Output, exactly as written, the lines below starting at the line containing "两款豆干都是高蛋白的小零嘴,竹笋中含有较" and ending at the line containing "2011, p. 15. .". Drop the pictures and keep both end lines.

- Data for this exercise -

**********

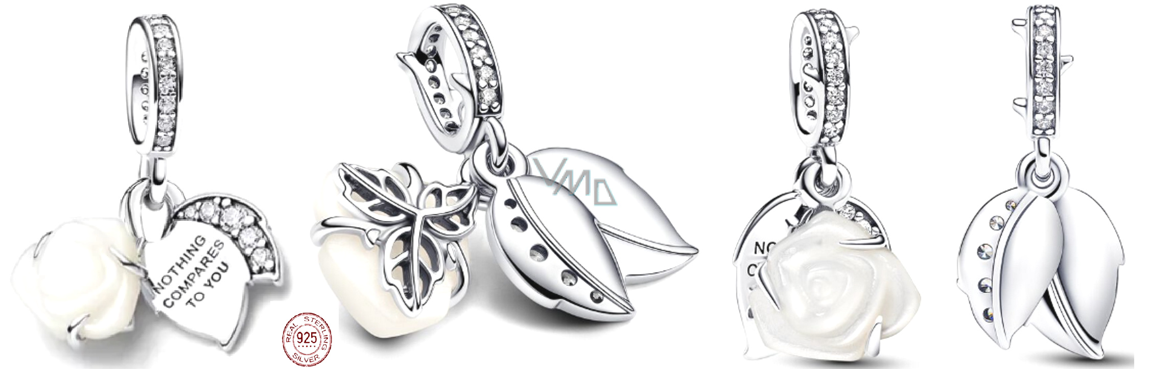 Charm Sterlingové stříbro 925 Bílá růže v květu 2v1, přívěsek na náramek láska, květina
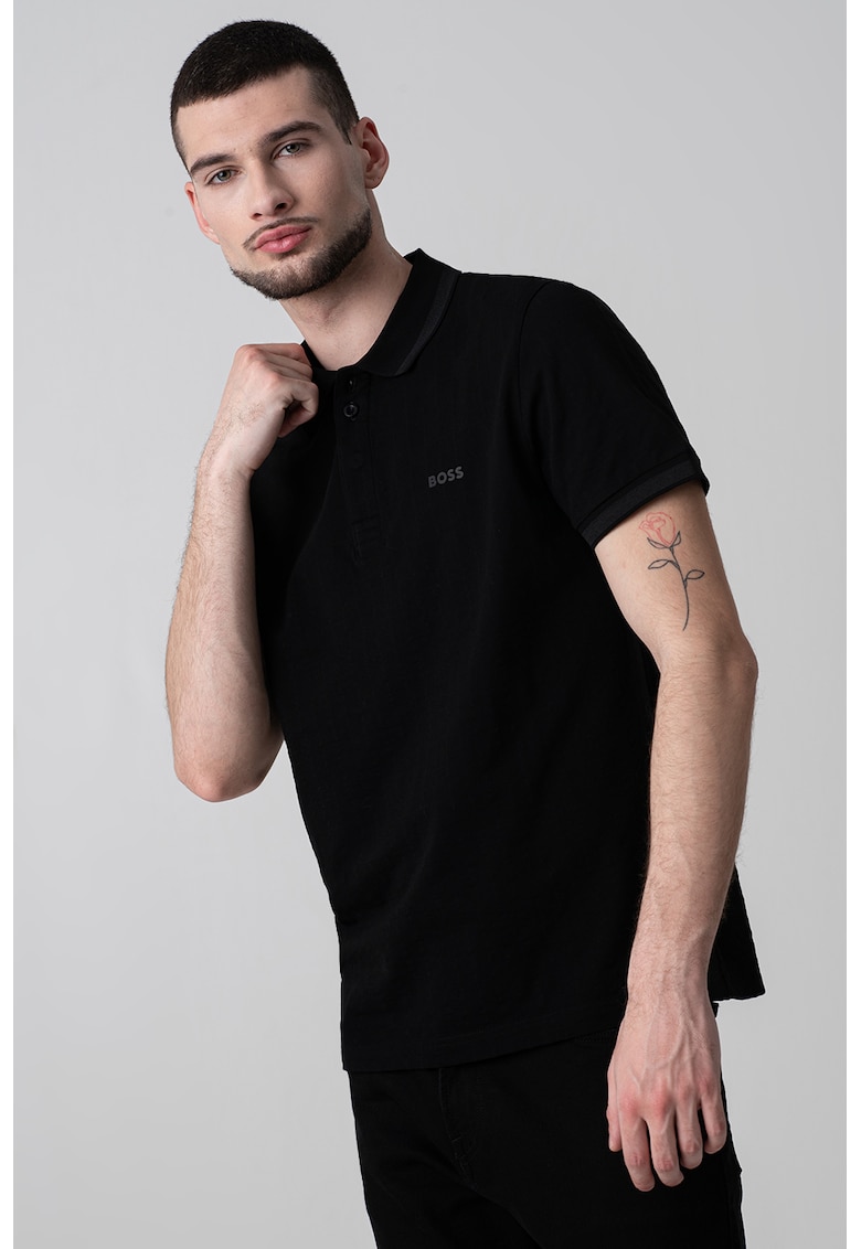 Caracteristici Culoare: negru Imprimeu: uni Material: bumbac Croiala: regular fit Model: polo Lungime maneca: maneca scurta Detalii: fenta scurta cu nasturi Compozitie Exterior: 100% bumbac Info model Modelul poarta un produs de marimea M. Marimi model: 190 cm inaltime
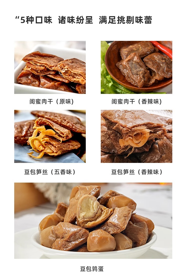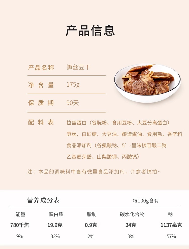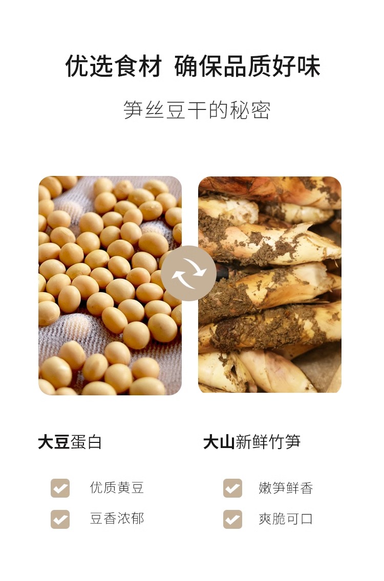 两款豆干都是高蛋白的小零嘴,竹笋中含有较高的纤维、植物蛋白、维生素及微量元素,豆干则含有丰富蛋白质和多种矿物质,每一块都是独立包装,携带方便,一口一个,能解馋,能抗饿,还能当零食和配饭,日常扔些在包里随时享受快乐!
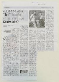 ¿Quién no vio a "Toti" España en las alturas de Castro alto? [artículo] / Carlos Trujillo. El Insular (Diario : Chiloé, Chile)-- ago. 3, 2011, p. 15. .
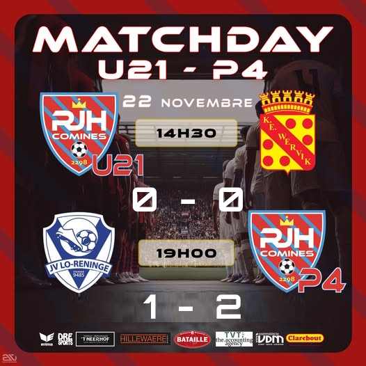 CARTONS JAUNES : 28′ Dodre (RJH Comines), 52′ Vanhoutte (JV Lo-Reninge ), 78′ Hajali (RJH Comines), 80′ Gruwez (JV Lo-Reninge ), 95′ Debiche (RJH Comines).
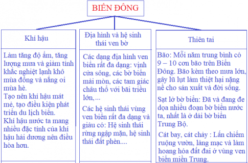 Hãy điền nội dung phù hợp vào sơ đồ dưới để nêu rõ ảnh hưởng và tác động của Biển Đông đối với thiên nhiên nước ta.
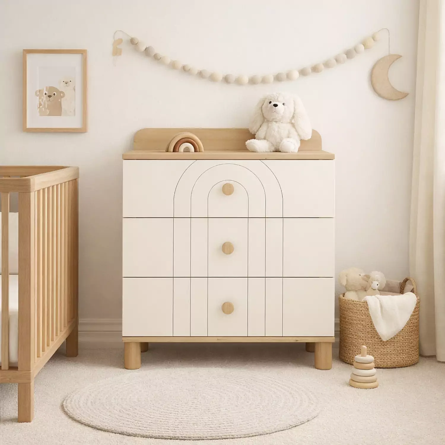 Göz yormayan renk paleti, doğal ahşap detayları ve yumuşak geçişli çizgileri sayesinde bebeğinizin odasında huzurlu ve sıcak bir ortam yaratır.
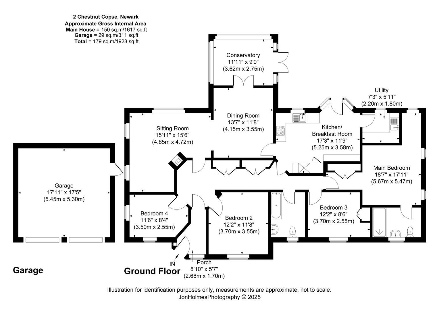 Double Garage - 5.44m x 5.31m (17'10 x 17'5 ) - A brick built detached double garage with two electric roller shutter doors, power and light are connected with a personal door to side elevation.
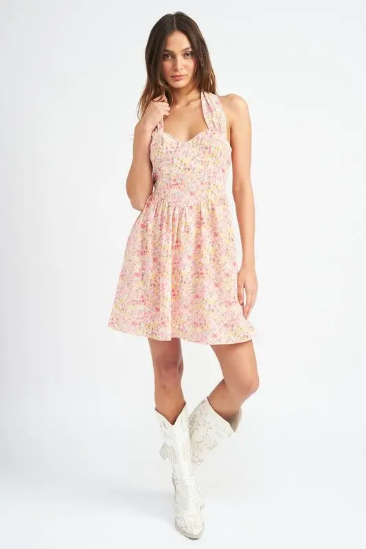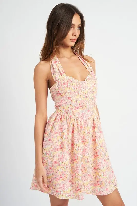 Get ready to bloom in this floral bustier halter neck mini dress! Perfect for concerts, vacations, or just soaking up the summer vibes. Stand out in style and show off your fun-loving personality.

**********

- Response to this task -
 两款豆干都是高蛋白的小零嘴,竹笋中含有较高的纤维、植物蛋白、维生素及微量元素,豆干则含有丰富蛋白质和多种矿物质,每一块都是独立包装,携带方便,一口一个,能解馋,能抗饿,还能当零食和配饭,日常扔些在包里随时享受快乐!
 ¿Quién no vio a "Toti" España en las alturas de Castro alto? [artículo] / Carlos Trujillo. El Insular (Diario : Chiloé, Chile)-- ago. 3, 2011, p. 15. .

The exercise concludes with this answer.